1794
ENGLISH POETRY 1579-1830: SPENSER AND THE TRADITION

Ode to Envy.

Universal Magazine 94 (June 1794) 442-43.

Eusebius


A Miltonic allegorical ode in five sprawling, eighteen-line stanzas, signed "Eusebius." If there is any Spenserian imagery in this poem, it occurs in the third stanza, where Envy is compared to a toad. The ritually Miltonic formula is shifted from the opening to the concluding stanza of the ode: "Avaunt invidious baleful pow'r! | No more infest the genial hour! | No more from human hearts remove | The gen'rous seeds of social love." This appears to be a companion poem to the Ode to Rage which Eusebius had contributed to the Universal Magazine the previous year.

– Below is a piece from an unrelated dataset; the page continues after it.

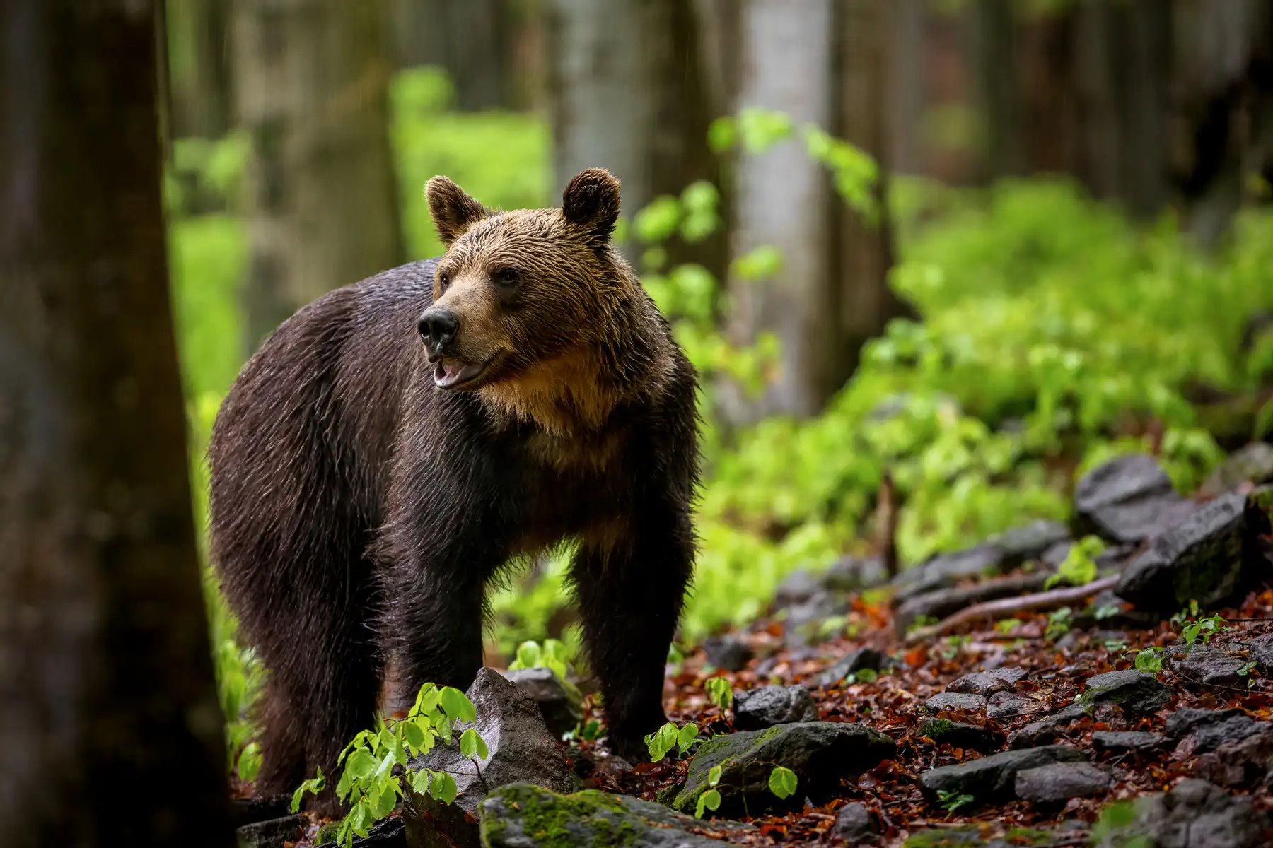 Dážď ešte viac silnie a ja sa pomaly začínam chystať na odchod. Ešte sa nakrátko obzerám po okolí. Z rovnakej strany ako večer, z húštia vychádza silueta. Je pochmúrne, hustý dážď, a preto siluetu nedokážem spoľahlivo identifikovať. Prichádza bližšie. Je to medveď. Tentokrát už nie len taký malý medvedík, môže mať odhadom tak 150-200kg. Z ľavej strany prechádza asi 10m popod mňa a miernym oblúkom prechádza vpred. Je pomerne silný dážď a určite aj to výrazne dopomohlo k tomu, aby nás nezacítil. Kráča kľudne, majestátne. Pomaly sa od nás vzďaľuje. Asi po 30m zastavuje. Otáča sa. Pozerá naším smerom. Niečo sa mu nezdá a vracia sa k nám. Jeho pohľad vzbudzuje rešpekt. Už to nie je ten roztomilý medvedík zo včera. Už je to ozajstný a nefalšovaný pohľad našej najväčšej šelmy a pána lesa. Atmosféru tejto chvíle dotvára pochmúrne počasie, hustý dážď a mierne prítmie lesa. Medveď svojimi mohutnými labami ticho našľapuje a čoraz viac sa blíži k nám. Kvapiek dažďa stekajúcich po jeho hlave má už zrejme dosť. Asi 15m od nás sa obzerá, venuje nám krátky, no nervózny pohľad a v jednej chvíli rýchlo metá svojou mohutnou hlavou do strán. Kvapky z jeho srsti striekajú po okolí. Akoby v tom momente na okamih zastal čas. Našťastie som bol pripravený a stláčam spúšť. Celé to trvalo hádam dve sekundy, no za ten čas som stihol spraviť sériovo pár záberov. V duchu sa modlím, aby aspoň jedna fotografia bola ako tak ostrá, keďže kvôli nedostatku svetla som mal nastavený dosť pomalý čas. Spomedzi 18tich fotiek v sérii sa jedna podarila. Len jedna, ale o to parádnejšia.

Fell muse of dark revengeful hate,
On whom vindictive furies wait,
Thy baleful arts do well demand
The angry bard's correcting hand.
O! was that hand with power arm'd,
As with the wish his breast is warm'd,
Where dire Phlegeton's fiery torrents roar,
He'd chain thee fast to vex mankind no more.—
Friendship's soft bond, or Love's endearing tye,
No more by sympathetic influence bind
If thou intrude, then Love and Friendship fly,
To sullen passions leave th' infected mind.
Thy blood-shot eye darts pestilential fire,
Destroys the genuine offspring of the heart,
The wish benevolent, the kind desire,
The friendly intercourse devoid of art.
Away! to dark Cimmerian regions fly!
In kindred glooms, revolve thy baleful haggard eye.

Where merit shines in honour bright,
Thou lov'st to dim the radiant light;
Where beauty's charms disclose their pow'r,
Thou lov'st to blast the blooming flow'r;
Wherever excellence is found,
Thy ready fangs delight to wound;
And what to all should give supreme delight,
Degraded sinks, and withers in thy sight.
Swift at thy touch Parnassian laurels fade,
And wreaths triumphal on the warrior's brow;
Thou can'st envelop virtue in thy shade,
And o'er her charms malignant darkness throw—
Yet know, base passion, Truth's unerring ray,
Spite of thy arts, can dissipate the gloom;
Place injur'd virtue fair in open day,
And bid the laurel with new vigour bloom;
Rescue from thee each justly honour'd name,
And give to modest merit its due place in fame.

Go! make thy dark unblest abode,
Hid with the twilight-loving toad;
Black, pimpled, loathsome, like to thee,
Resembling pair! ye must agree.
Yet ah! the toad, detested thing,
Has neither pois'nous tooth, nor sting.
Thou, worse than vipers, can'st diffuse around
The deadly venom, and the livid wound.
Beneath thy steps the verdant herbage dies,
Thy with'ring blast destroys the op'ning flow'r;
Swift from thy sight, each flutt'ring songster flies,
And streams roll refluent from thy hated pow'r;
The charms of beauty, and the grace of youth
Fall to thy unrelenting hate a prey;
And all envenom'd by thy cank'ring tooth,
Fair reputation blasted dies away.
Malignant passion! thy prime bliss is to destroy!
Thy greatest curse is to behold a rival's joy!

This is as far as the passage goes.